Both index types support persistent storage. TurboQuantIndex you write to .tq files. IdMapIndex you write to .tvim files.

from turbovec import TurboQuantIndex, IdMapIndex

# TurboQuantIndex  —>  .tq
index.write("my_index.tq")
loaded = TurboQuantIndex.load("my_index.tq")

# IdMapIndex  —>  .tvim
index.write("my_index.tvim")
loaded = IdMapIndex.load("my_index.tvim")

Framework integration

turbovec ships with optional plugins for LangChain, LlamaIndex, and Haystack. Add more like your stack.

# LangChain
pip install turbovec[langchain]

# LlamaIndex
pip install turbovec[llama-index]

# Haystack
pip install turbovec[haystack]

Tip: Each coupling connects the turbovec as a store of the drag vector. Look documentation/compilation/ in the repo for full usage examples for each framework.

Using turbovec in Rust

The Rust API includes the Python API. Both TurboQuantIndex again IdMapIndex are available. All x86_64 builds target AVX2 as base; AVX-512 is enabled at runtime by feature detection.
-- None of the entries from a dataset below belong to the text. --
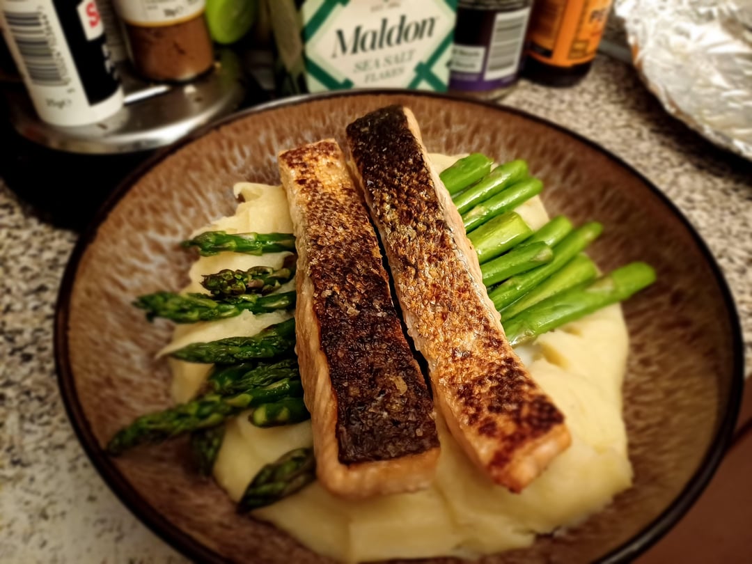Pan fried Salmon with mashed potato, asparagus and parsley sauceby ksw85 Write A CommentYou must be logged in to post a comment.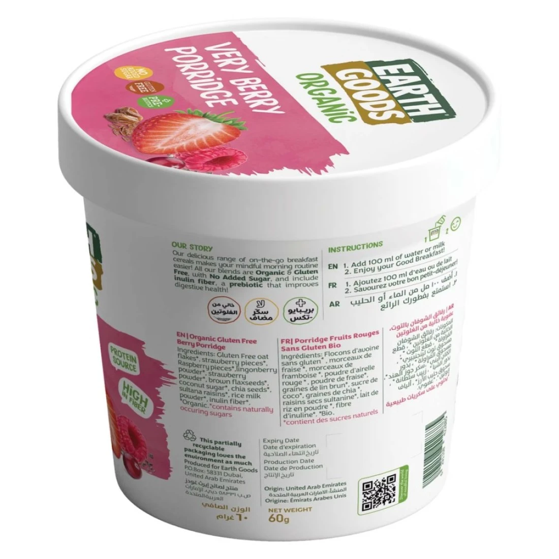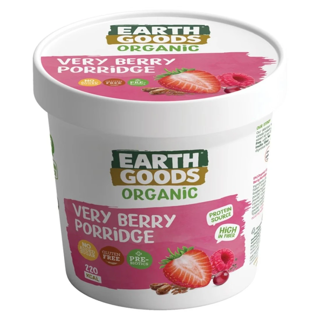 Earth Goods Organic Gluten Free Very Berry Porridge is a delicious and nutritious breakfast option made with organic whole grains and a mix of berries. This porridge is gluten-free and packed with fibre, vitamins, and minerals. It is a convenient and healthy way to start your day and provides sustained energy.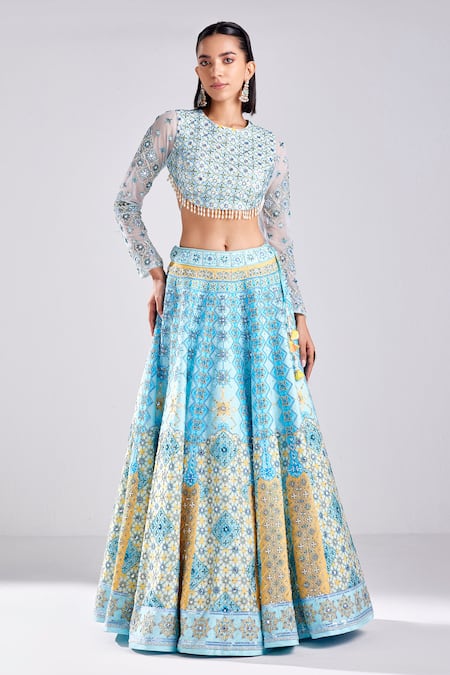 Blue Silk, Tulle Beads, Pearls Round Neck Embroidered Lehenga Set

use turbovec::TurboQuantIndex;

let mut index = TurboQuantIndex::new(1536, 4);
index.add(&vectors);

let results = index.search(&queries, 10);

index.write("index.tv").unwrap();
let loaded = TurboQuantIndex::load("index.tv").unwrap();

📚 Full API: docs/api.md

⭐ github.com/RyanCodrai/turbovec

Key Takeaways

  • No codebook training. turbovec indexes vectors instantly – no k-means, no reconstruction as the corpus grows.
  • 16x compression. A 1536-dim float32 vector shrinks from 6,144 bytes to 384 bytes with 2-bit quantization.
  • Faster than FAISS on ARM. turbovec outperforms FAISS IndexPQFastScan by 12–20% on ARM for all configurations.
  • Close distortion. TurboQuant achieves a distortion within ~2.7x of Shannon's lower bound – almost close to the theoretical limit.
  • Full location. No managed service, no data out – pairs or any open source embedding model for the air-gapped RAG stack.